● Excerpted records:
_ _ _ _ _

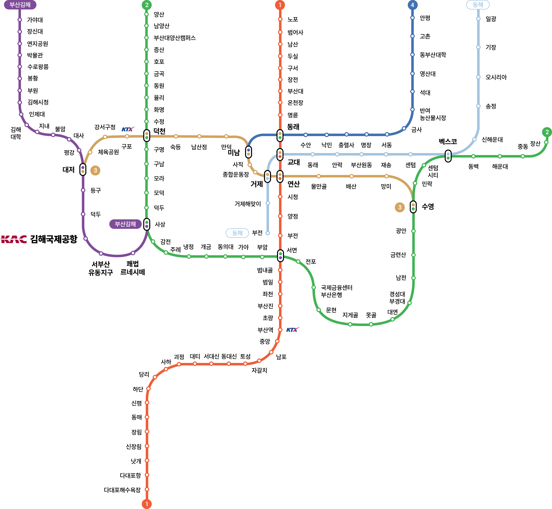 아래 부산 지하철 노선도를 보시면 쉽게 확인이 가능합니다.
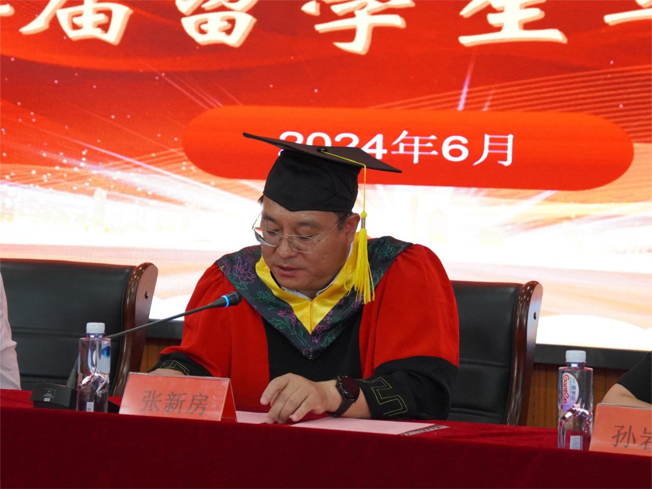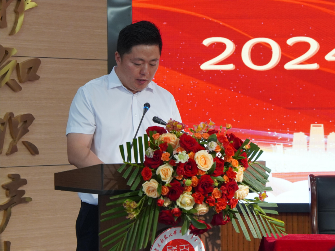 首先,张新房副董事长致辞,他代表公司向即将毕业的职工同学们表示热烈的祝贺,并对他们在学业上的努力和取得的成就给予充分肯定。他提到,来华职工在校期间不仅学到了专业知识,体验了中国文化和国情教育实践活动,也培养了跨文化交流能力和国际视野,这些都将成为他们人生中最主贵的财富。他鼓励,毕业职工们在未来的人生道路上,继续保持求知的热情,不断追求卓越,为促进两国之间的文化交流贡献自己的力量。
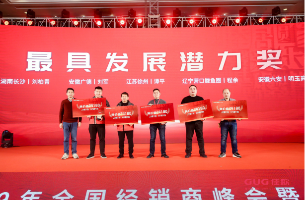 袁總表示佳歌會始終堅持以客戶為本,以經銷商為本,實現(xiàn)共贏。佳歌能在短時間內收獲如此成就,離不開在場工作人員及全體經銷商的付出和陪伴。未來,佳歌還會加強終端政策幫扶,增加全國各區(qū)域網點鋪設,以強勢的姿態(tài)面對接下來的挑戰(zhàn)。袁總的致辭極大的增強了大家的信心,贏得了經銷商的一致贊賞。
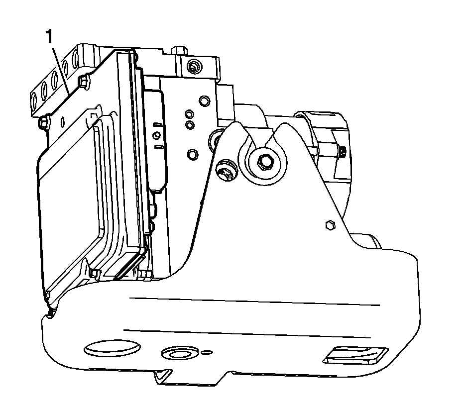 9. Using the loosened EBCM bolts as a guide, carefully pull the EBCM (1) evenly away from the BPMV to release the electrical connectors.
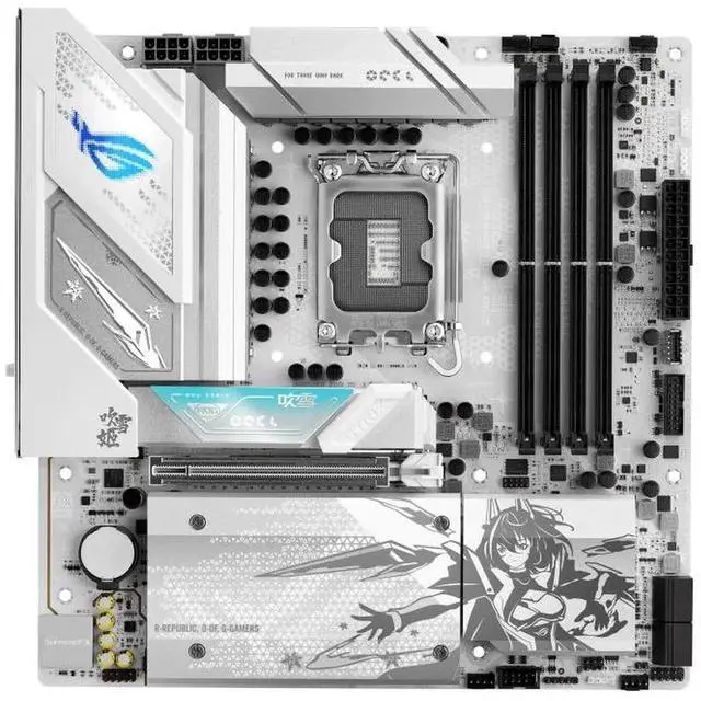 Platform: Supports AMD Ryzen 7000/8000/9000 series processors. Features compact Snow Edition design with white accents.
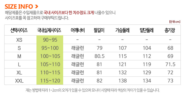 세탁방법 및 취급시 주의사항땀으로 인한 부분 탈색이 발생할수있으니 제품이 땀으로 젖었을시 즉시 세탁하여 주시기 바랍니다.제품특성에 다라 올이 튀는 현상이 발생할수 있으니 주의 하시기 바랍니다.세탁전 주의사항은 제품에 붙은 안내 택을 반드시 참고하여 주시기 바랍니다.품질 경영 촉진법에 의한 품질 표시를 꼭 참조하시어 세탁하십시오
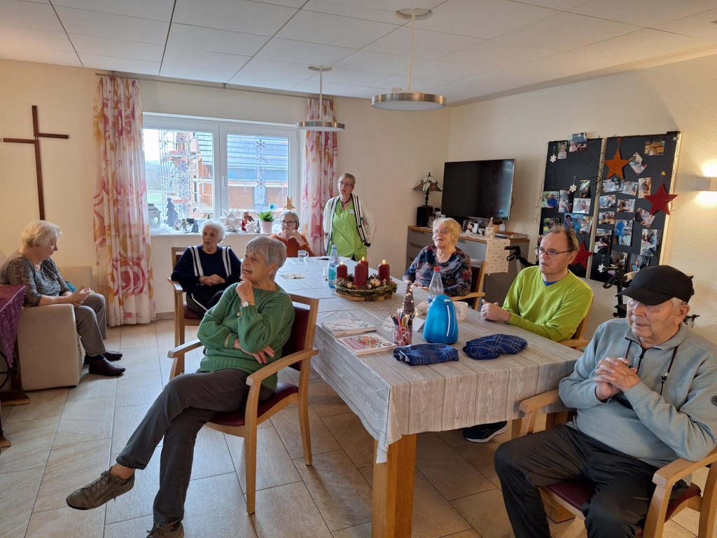 Groß war die Freude am 3. Advent, als die Sängerinnen und Sänger des Liederkranzes Nöttingen einmal mehr zu Besuch im Haus Brunnhälden eintrafen. Im Wintergarten nahmen sie Aufstellung und erfreuten die Bewohnerinnen und Bewohner mit Advents- und Weihnachtsliedern. Auch gemeinsam wurde gesungen. Für die Bewohner und Mitarbeitende ist es immer wieder ein besonderes Erlebnis und eine große Freude, wenn der Liederkranz unter Leitung von Florian Hartmann sie mit wunderschönen Liedern erfreut.
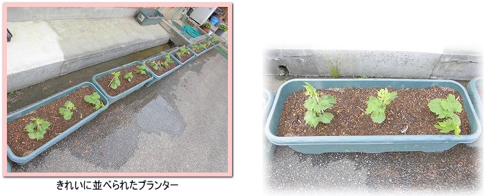校務員さんが、プランターにさっそく植えて、準備完了です。
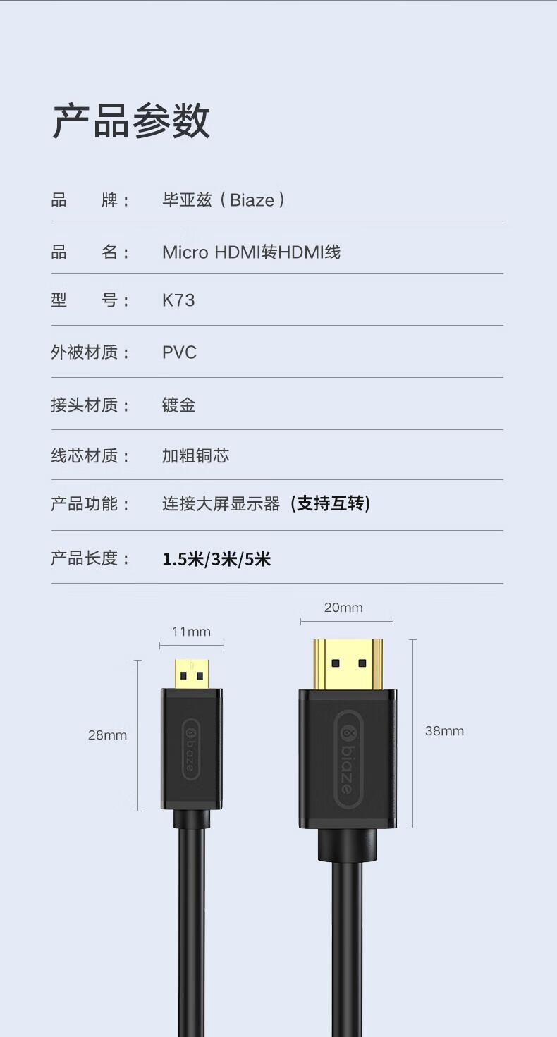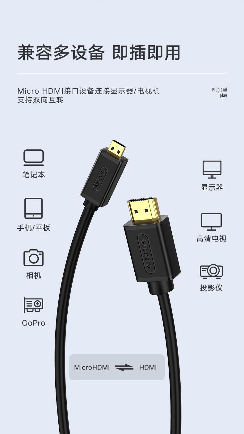 Compre Cabo Biaz Micro HDMI para HDMI 4K60Hz Adaptador Micro HDMI Cabo de Conversão no atacado no Joom.pro
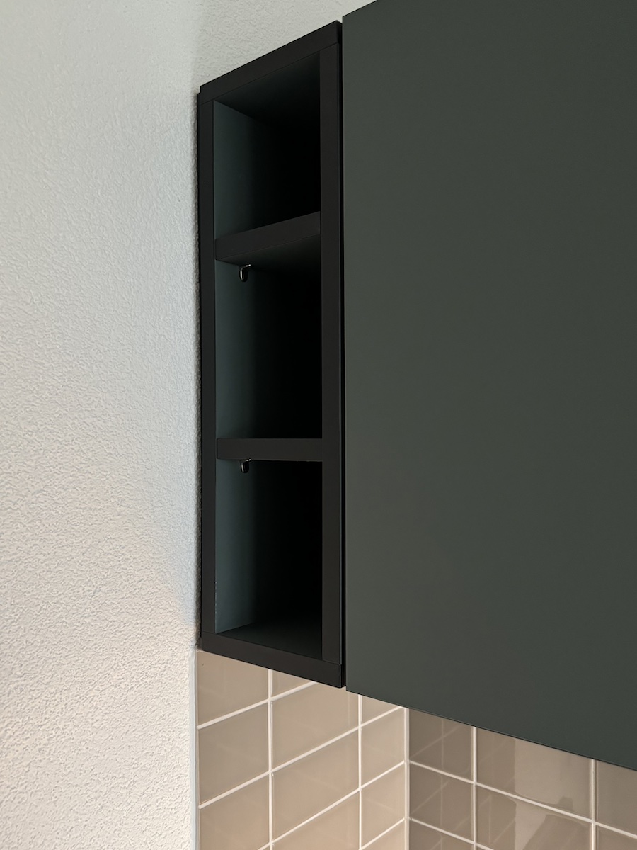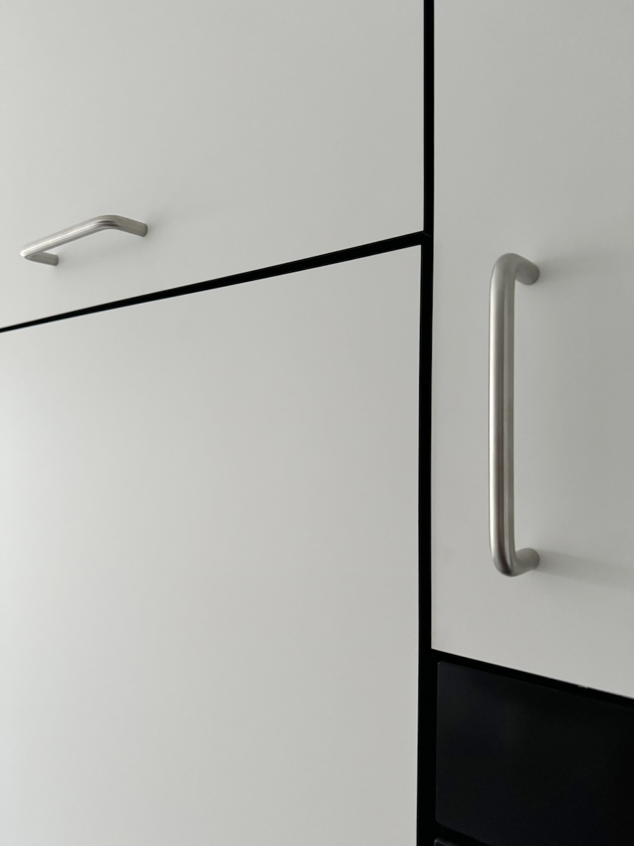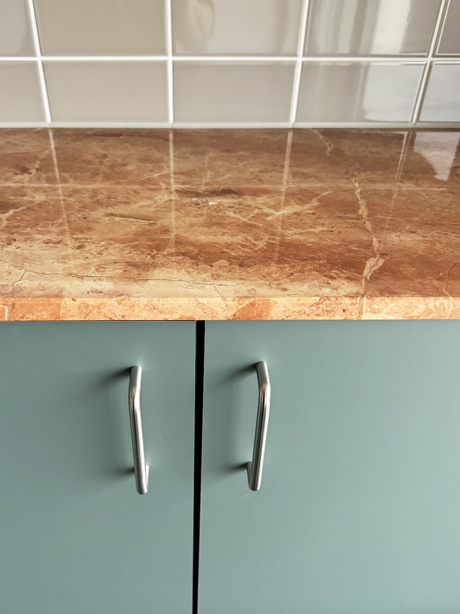 Renovation einer Wohnung der 60er Jahre, Gestaltung mit einfachen Elementen und Standard-Materialien sowie buntem Naturstein aus Restposten, in Kooperation mit Gabriela Günthert.

_ _ _ _ _

● Task instructions:
A faithful copy of all the entries is required, pictures excluded.

● Result:
 아래 부산 지하철 노선도를 보시면 쉽게 확인이 가능합니다.
 首先,张新房副董事长致辞,他代表公司向即将毕业的职工同学们表示热烈的祝贺,并对他们在学业上的努力和取得的成就给予充分肯定。他提到,来华职工在校期间不仅学到了专业知识,体验了中国文化和国情教育实践活动,也培养了跨文化交流能力和国际视野,这些都将成为他们人生中最主贵的财富。他鼓励,毕业职工们在未来的人生道路上,继续保持求知的热情,不断追求卓越,为促进两国之间的文化交流贡献自己的力量。
 袁總表示佳歌會始終堅持以客戶為本,以經銷商為本,實現(xiàn)共贏。佳歌能在短時間內收獲如此成就,離不開在場工作人員及全體經銷商的付出和陪伴。未來,佳歌還會加強終端政策幫扶,增加全國各區(qū)域網點鋪設,以強勢的姿態(tài)面對接下來的挑戰(zhàn)。袁總的致辭極大的增強了大家的信心,贏得了經銷商的一致贊賞。
 9. Using the loosened EBCM bolts as a guide, carefully pull the EBCM (1) evenly away from the BPMV to release the electrical connectors.
 Platform: Supports AMD Ryzen 7000/8000/9000 series processors. Features compact Snow Edition design with white accents.
 세탁방법 및 취급시 주의사항땀으로 인한 부분 탈색이 발생할수있으니 제품이 땀으로 젖었을시 즉시 세탁하여 주시기 바랍니다.제품특성에 다라 올이 튀는 현상이 발생할수 있으니 주의 하시기 바랍니다.세탁전 주의사항은 제품에 붙은 안내 택을 반드시 참고하여 주시기 바랍니다.품질 경영 촉진법에 의한 품질 표시를 꼭 참조하시어 세탁하십시오
 Groß war die Freude am 3. Advent, als die Sängerinnen und Sänger des Liederkranzes Nöttingen einmal mehr zu Besuch im Haus Brunnhälden eintrafen. Im Wintergarten nahmen sie Aufstellung und erfreuten die Bewohnerinnen und Bewohner mit Advents- und Weihnachtsliedern. Auch gemeinsam wurde gesungen. Für die Bewohner und Mitarbeitende ist es immer wieder ein besonderes Erlebnis und eine große Freude, wenn der Liederkranz unter Leitung von Florian Hartmann sie mit wunderschönen Liedern erfreut.
校務員さんが、プランターにさっそく植えて、準備完了です。
 Compre Cabo Biaz Micro HDMI para HDMI 4K60Hz Adaptador Micro HDMI Cabo de Conversão no atacado no Joom.pro
 Renovation einer Wohnung der 60er Jahre, Gestaltung mit einfachen Elementen und Standard-Materialien sowie buntem Naturstein aus Restposten, in Kooperation mit Gabriela Günthert.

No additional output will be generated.